SUPPLIED DATA
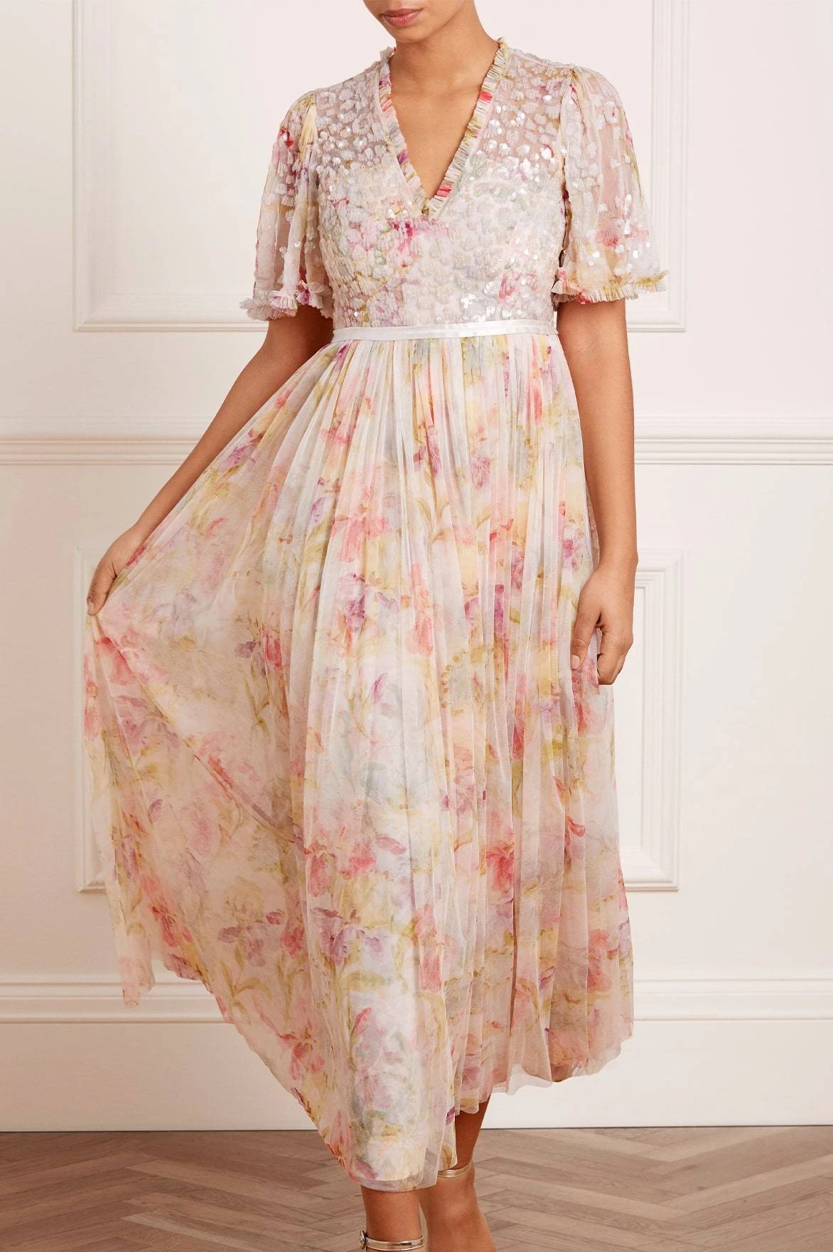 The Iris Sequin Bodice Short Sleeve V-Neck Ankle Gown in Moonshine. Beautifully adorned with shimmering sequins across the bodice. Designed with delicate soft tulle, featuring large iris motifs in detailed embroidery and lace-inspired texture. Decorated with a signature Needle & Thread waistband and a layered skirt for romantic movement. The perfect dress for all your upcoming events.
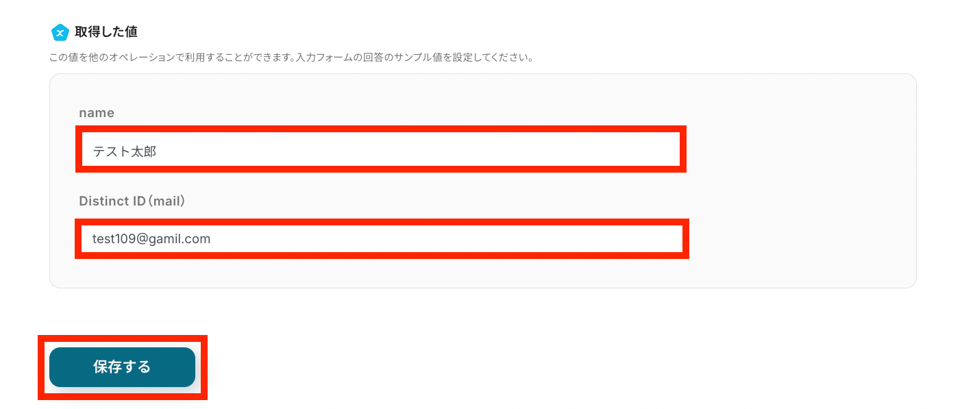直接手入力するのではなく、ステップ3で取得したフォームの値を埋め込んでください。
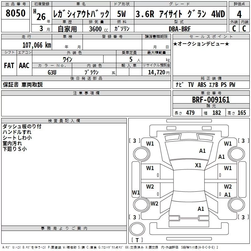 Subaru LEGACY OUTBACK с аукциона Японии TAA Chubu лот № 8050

TASK BRIEF
For every line above, produce an exact transcription that omits the images.

RESPONSE FOR THIS EXERCISE
 The Iris Sequin Bodice Short Sleeve V-Neck Ankle Gown in Moonshine. Beautifully adorned with shimmering sequins across the bodice. Designed with delicate soft tulle, featuring large iris motifs in detailed embroidery and lace-inspired texture. Decorated with a signature Needle & Thread waistband and a layered skirt for romantic movement. The perfect dress for all your upcoming events.
直接手入力するのではなく、ステップ3で取得したフォームの値を埋め込んでください。
 Subaru LEGACY OUTBACK с аукциона Японии TAA Chubu лот № 8050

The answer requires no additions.